By on April 29, 2013

Tricia takes the mystery out of mulching; we filmed our mulching video in her raised bed vegetable garden.

Everyone tells you to mulch your vegetable garden—but exactly how should you choose a mulch?

In our video, Tricia shows you the basics of mulching.

What’s the difference between compost and mulch?

compost in a vegetable bed

That was a trick question. You can use compost as a mulch all by itself. But you shouldn’t.

Finished compost or “humus” is a cornerstone of organic gardening. In the photo above you can see Tricia spreading it in a raised bed. Compost is decomposed organic matter full of microorganisms that will populate the soil and expand the soil food web in your garden. The compost will also improve your soil quality and structure—in clay soil it increases drainage, and in sandy soil it helps retain water.

Compost feeds your soil and mulch protects your soil.

You can use compost alone as a mulch, but it will sink into the soil pretty rapidly.

What we think of as a “best practice” is to spread a one inch layer of compost and then cover it with a two inch layer of natural mulch like straw (not hay that has seeds), paper, bark, wood chips, dry grass clippings—or with a layer of plastic mulch.

Some gardeners worry that those layers of compost and natural mulch will keep water from reaching the roots of their plants. Not true. Even with our preferred drip irrigation, the water will trickle in and, importantly, will evaporate much more slowly because of the mulch layer.

When to use plastic mulch

Be sure to put the plastic mulch on top of the irrigation (or it will block water flow to the soil).

Plastic mulch is—plastic—and therefore an effective weed barrier. That’s a good thing in the vegetable garden. From the strawberry plants that are hard to weed between, to the big vegetable leaves that conceal weeds, you can see how it would be handy.

Plus, certain plants like certain colors of plastic mulch. Really.

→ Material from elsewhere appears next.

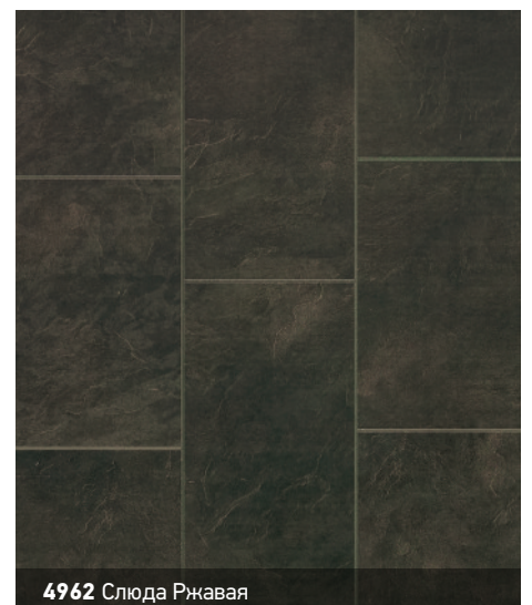
4962 Слюда Ржавая

How to choose from the rainbow of colors in plastic mulch

red plastic mulch film
Who’s rockin’ the red plastic mulch?

The strawberries and the tomatoes, that’s who. Eggplants too. Tomatoes and eggplants do 12% better with red mulch. If you don’t want to go the whole red plastic film route with your tomatoes you can take a shortcut with a red plastic Tomato Crater for each plant.

silver mulch film
Silver mulch film reflects well on certain vegetables

Aphids don’t like silver mulch film. Which means the rest of us do like it.

Use silver mulch film with your peppers and, according to Pennsylvania State University Extension, you can expect a 20% increase in size and yield.

Black plastic mulch to heat things up

Potatoes respond to all mulch colors, but they produce at their highest quality with black plastic mulch.

Are you growing onions? They’re broad-minded and respond to all of these colored plastic mulches.

Two big no-nos in mulching

volcano mulching tree
1.  For our first item on the DON’T list, let’s step outside the vegetable garden and get a vivid example of “volcano” mulching around a tree.

See that mound of mulch? Not unlike a volcano? It’s a bad idea, and for some reason has become popular around the U.S. One of the worst of the many bad consequences of volcano mulching is excess moisture around the tree trunk, which can lead to fungal canker diseases.

Friends don’t let friends volcano mulch a tree. Keep mulch at least six inches away from the tree trunk, and don’t pile it up deeper than two inches.

mulch and stems
2.  Now we’re back in the strawberry bed and it’s easy to remember, in this smaller venue, not to volcano mulch the strawberries or vegetables either. Keep all mulch one to two inches away from the stems of vegetables and soft fruits.

Those are your pointers on mulching. Now get out there and mulch! You’ll save yourself from endless weeding and watering.